- **RECORDS FOR THIS TASK**
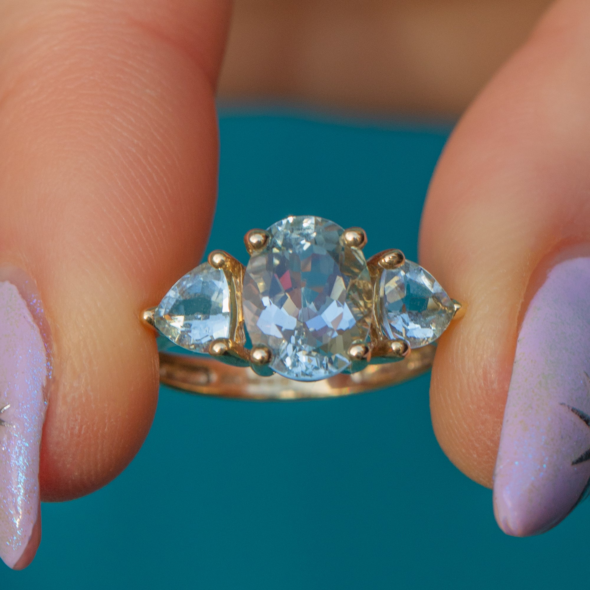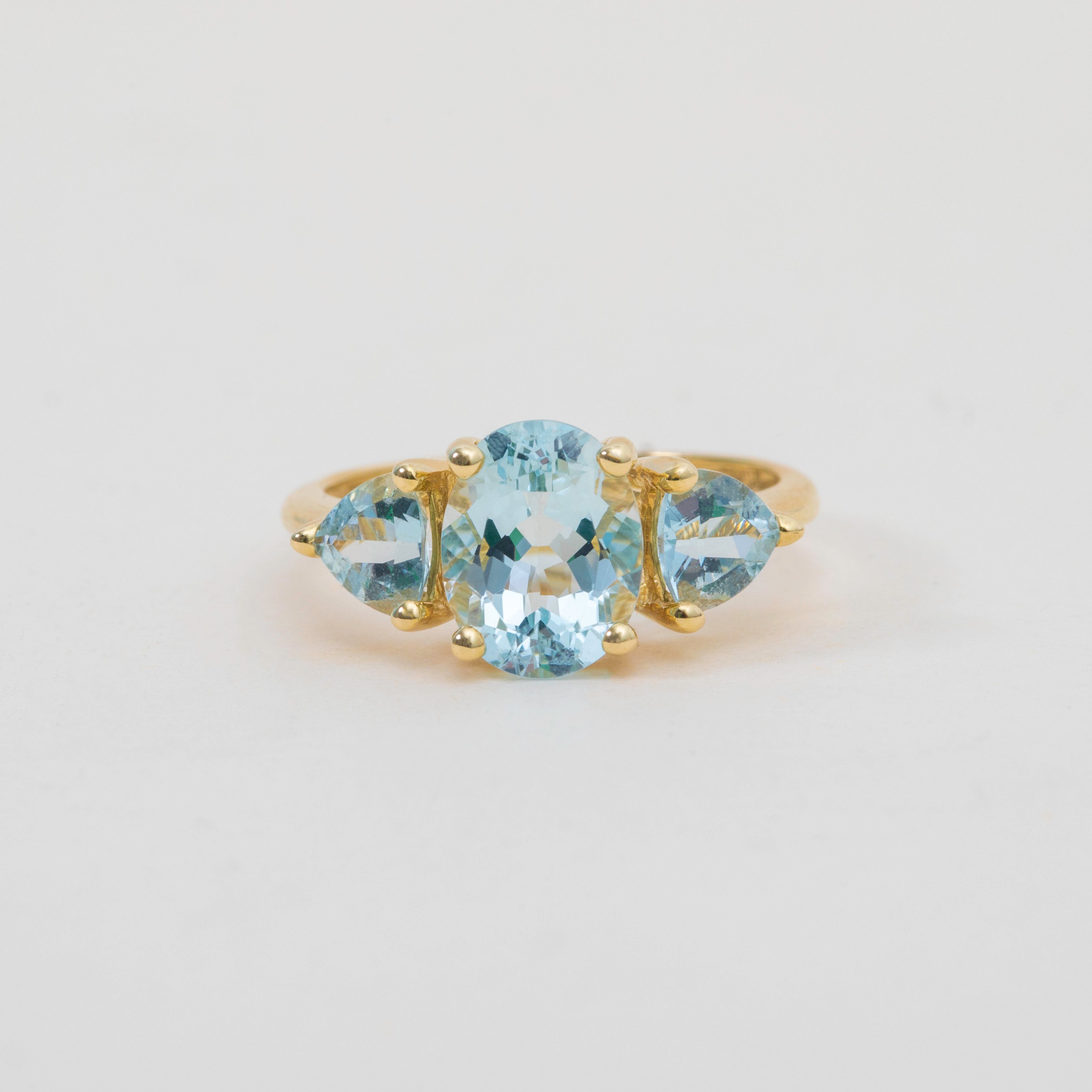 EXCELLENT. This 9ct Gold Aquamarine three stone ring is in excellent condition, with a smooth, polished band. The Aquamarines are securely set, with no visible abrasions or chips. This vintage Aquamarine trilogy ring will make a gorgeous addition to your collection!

==

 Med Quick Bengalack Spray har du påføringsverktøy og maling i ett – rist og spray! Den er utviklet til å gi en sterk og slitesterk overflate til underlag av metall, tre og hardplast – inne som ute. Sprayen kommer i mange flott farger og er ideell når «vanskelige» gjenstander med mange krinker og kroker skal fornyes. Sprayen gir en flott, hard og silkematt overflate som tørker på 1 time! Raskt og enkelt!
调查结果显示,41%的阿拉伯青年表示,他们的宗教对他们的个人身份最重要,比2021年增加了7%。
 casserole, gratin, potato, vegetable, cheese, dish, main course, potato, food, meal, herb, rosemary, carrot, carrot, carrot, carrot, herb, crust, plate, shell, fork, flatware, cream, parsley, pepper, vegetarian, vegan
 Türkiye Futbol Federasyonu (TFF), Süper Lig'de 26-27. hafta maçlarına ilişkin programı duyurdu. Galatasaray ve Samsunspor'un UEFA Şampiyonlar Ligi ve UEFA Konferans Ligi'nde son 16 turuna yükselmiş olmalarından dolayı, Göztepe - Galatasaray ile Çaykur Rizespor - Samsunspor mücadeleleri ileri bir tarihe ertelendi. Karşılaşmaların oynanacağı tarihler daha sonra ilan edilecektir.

- **YOUR ASSIGNMENT**
Please return the lines above that run from the line containing "Med Quick Bengalack" to the line containing "调查结果显示,41%的阿拉伯", inclusive, exactly and with no other lines.

- **PROBLEM SOLUTION**
 Med Quick Bengalack Spray har du påføringsverktøy og maling i ett – rist og spray! Den er utviklet til å gi en sterk og slitesterk overflate til underlag av metall, tre og hardplast – inne som ute. Sprayen kommer i mange flott farger og er ideell når «vanskelige» gjenstander med mange krinker og kroker skal fornyes. Sprayen gir en flott, hard og silkematt overflate som tørker på 1 time! Raskt og enkelt!
调查结果显示,41%的阿拉伯青年表示,他们的宗教对他们的个人身份最重要,比2021年增加了7%。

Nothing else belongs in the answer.